(THE INPUT):

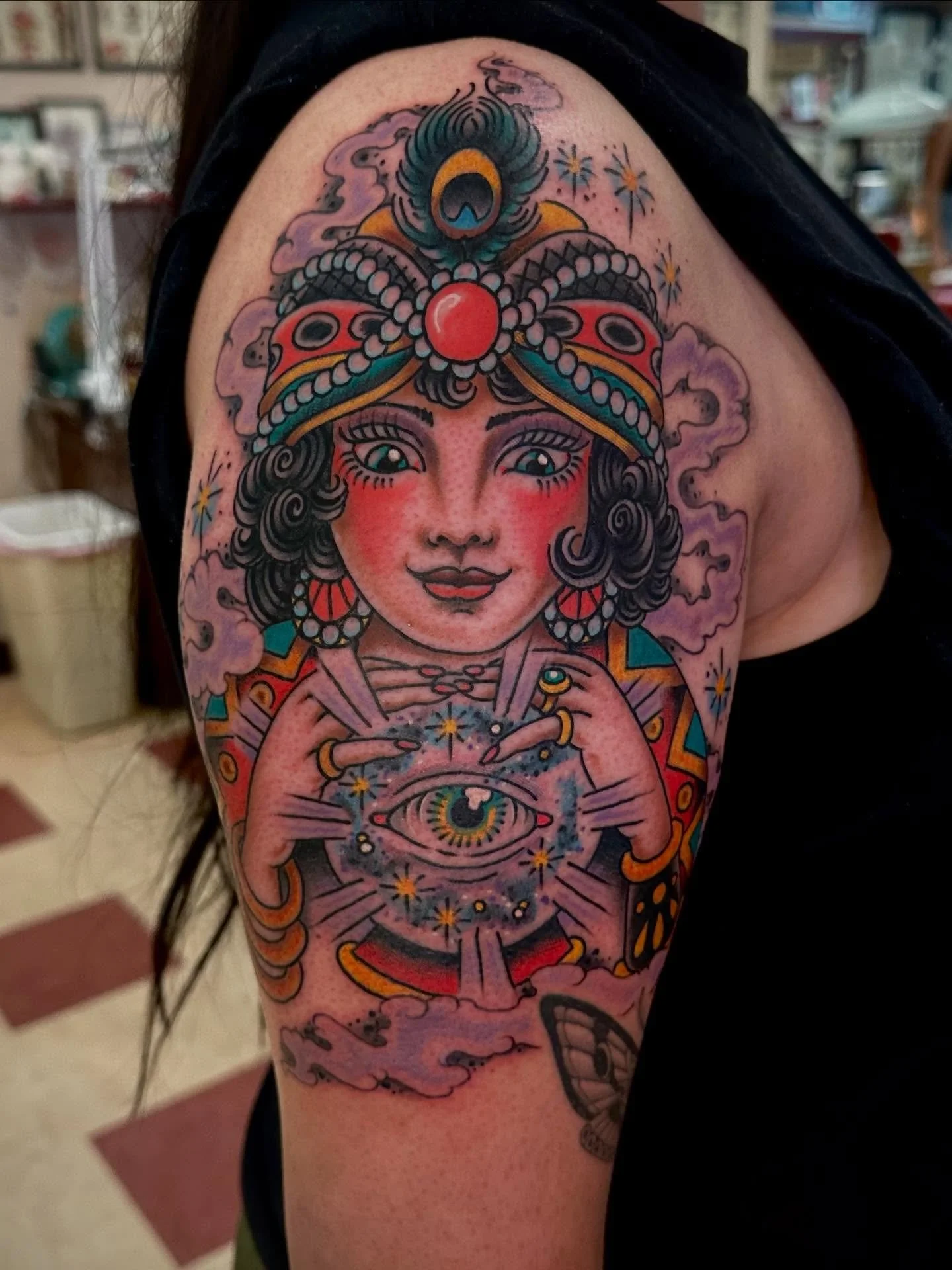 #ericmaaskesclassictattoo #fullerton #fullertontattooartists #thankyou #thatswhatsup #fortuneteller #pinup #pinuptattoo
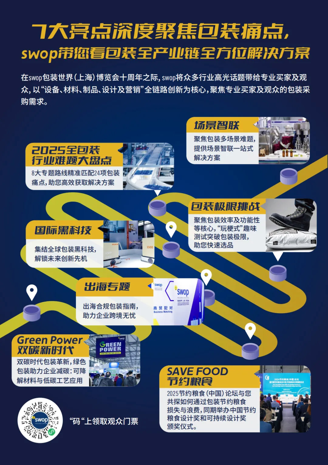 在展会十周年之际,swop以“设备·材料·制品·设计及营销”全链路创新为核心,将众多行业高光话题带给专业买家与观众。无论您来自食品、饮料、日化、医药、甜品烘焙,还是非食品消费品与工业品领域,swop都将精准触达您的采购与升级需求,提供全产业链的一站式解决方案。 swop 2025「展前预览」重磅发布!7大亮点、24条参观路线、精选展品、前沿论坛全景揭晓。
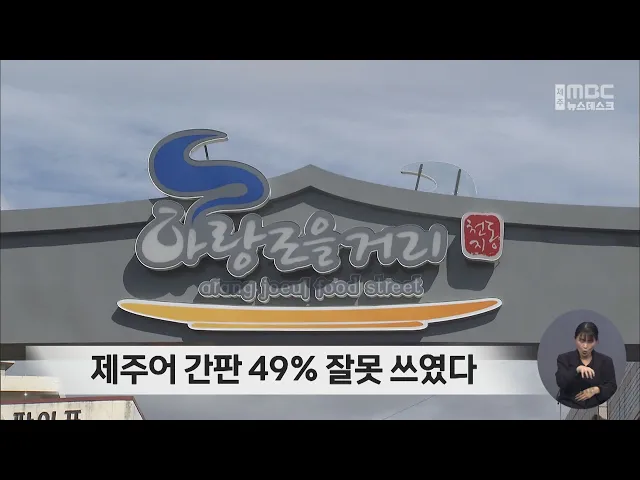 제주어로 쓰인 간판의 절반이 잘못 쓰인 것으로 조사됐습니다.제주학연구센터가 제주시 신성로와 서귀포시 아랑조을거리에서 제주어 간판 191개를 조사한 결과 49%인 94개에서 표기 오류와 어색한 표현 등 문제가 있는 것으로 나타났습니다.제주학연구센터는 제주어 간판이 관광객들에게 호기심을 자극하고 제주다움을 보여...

---

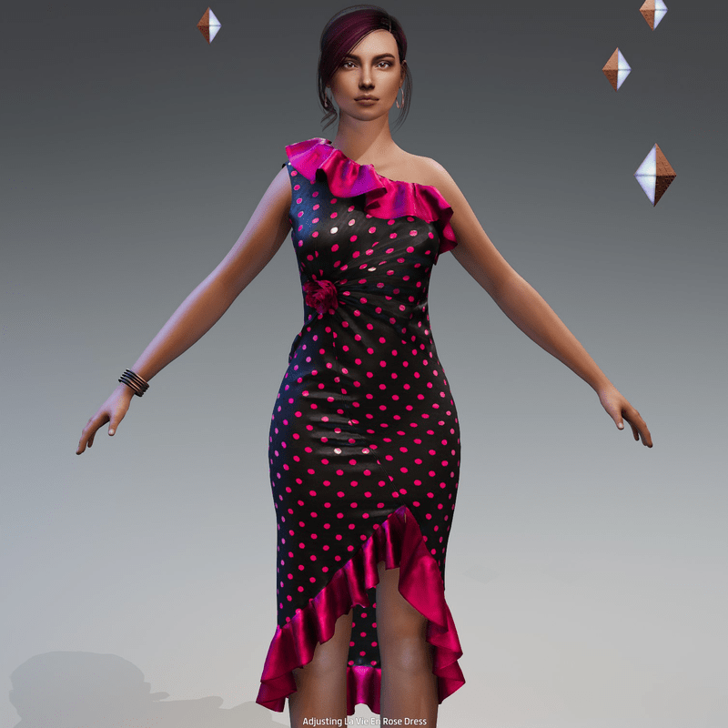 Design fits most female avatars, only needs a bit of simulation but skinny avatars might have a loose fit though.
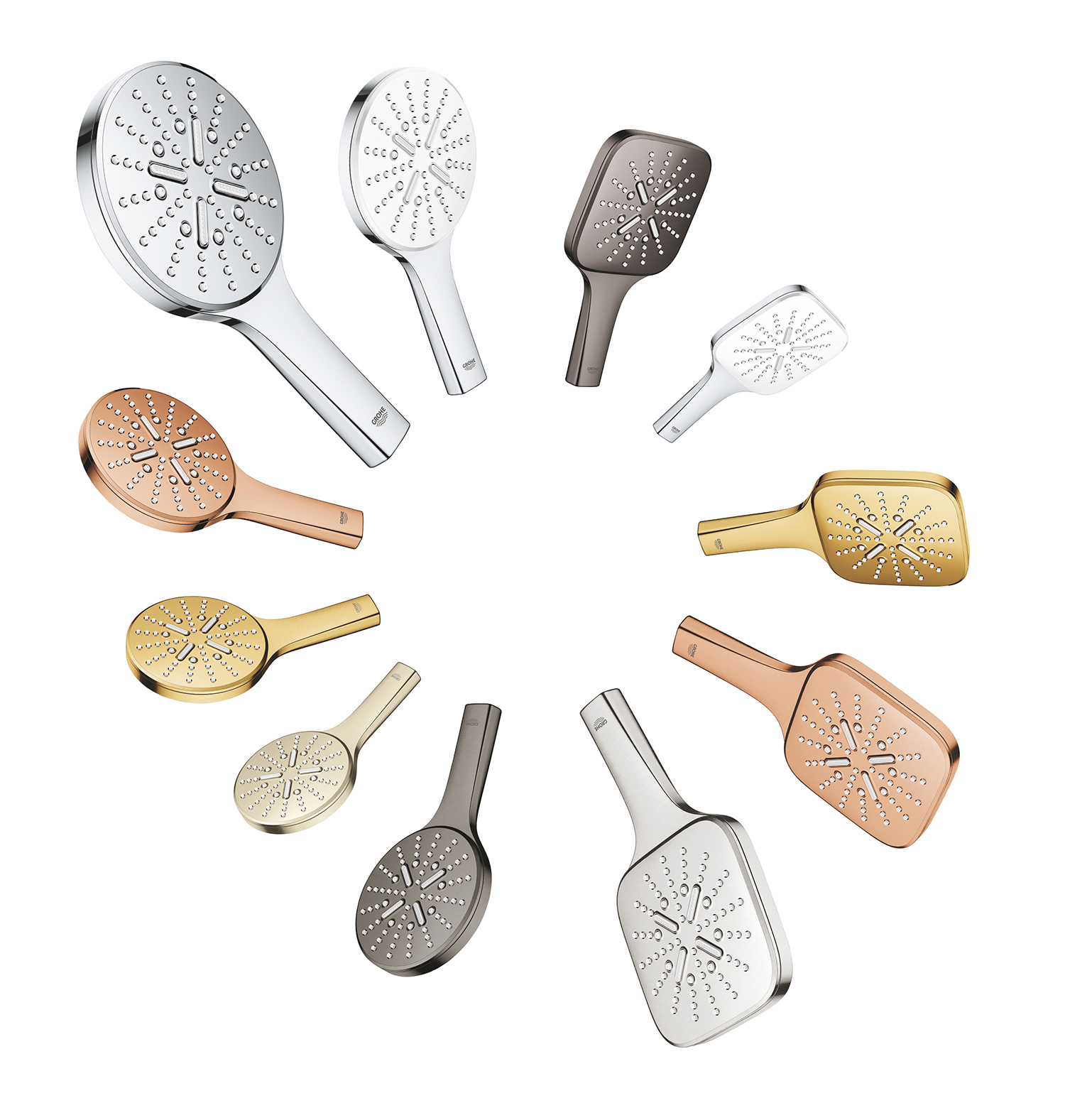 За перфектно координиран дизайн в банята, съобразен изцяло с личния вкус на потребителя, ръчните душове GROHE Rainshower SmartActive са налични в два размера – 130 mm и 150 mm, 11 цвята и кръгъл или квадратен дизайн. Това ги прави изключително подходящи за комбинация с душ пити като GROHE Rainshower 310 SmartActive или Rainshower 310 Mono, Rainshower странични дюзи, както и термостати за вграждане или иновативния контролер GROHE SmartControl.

(TRY IT):
How would the lines above read from the one with "#ericmaaskesclassictattoo #fullerton #fullertontattooartists" to the one with "제주어로 쓰인 간판의", inclusive, with no pictures? Write them out exactly.

(WRITTEN RESPONSE):
 #ericmaaskesclassictattoo #fullerton #fullertontattooartists #thankyou #thatswhatsup #fortuneteller #pinup #pinuptattoo
 在展会十周年之际,swop以“设备·材料·制品·设计及营销”全链路创新为核心,将众多行业高光话题带给专业买家与观众。无论您来自食品、饮料、日化、医药、甜品烘焙,还是非食品消费品与工业品领域,swop都将精准触达您的采购与升级需求,提供全产业链的一站式解决方案。 swop 2025「展前预览」重磅发布!7大亮点、24条参观路线、精选展品、前沿论坛全景揭晓。
 제주어로 쓰인 간판의 절반이 잘못 쓰인 것으로 조사됐습니다.제주학연구센터가 제주시 신성로와 서귀포시 아랑조을거리에서 제주어 간판 191개를 조사한 결과 49%인 94개에서 표기 오류와 어색한 표현 등 문제가 있는 것으로 나타났습니다.제주학연구센터는 제주어 간판이 관광객들에게 호기심을 자극하고 제주다움을 보여...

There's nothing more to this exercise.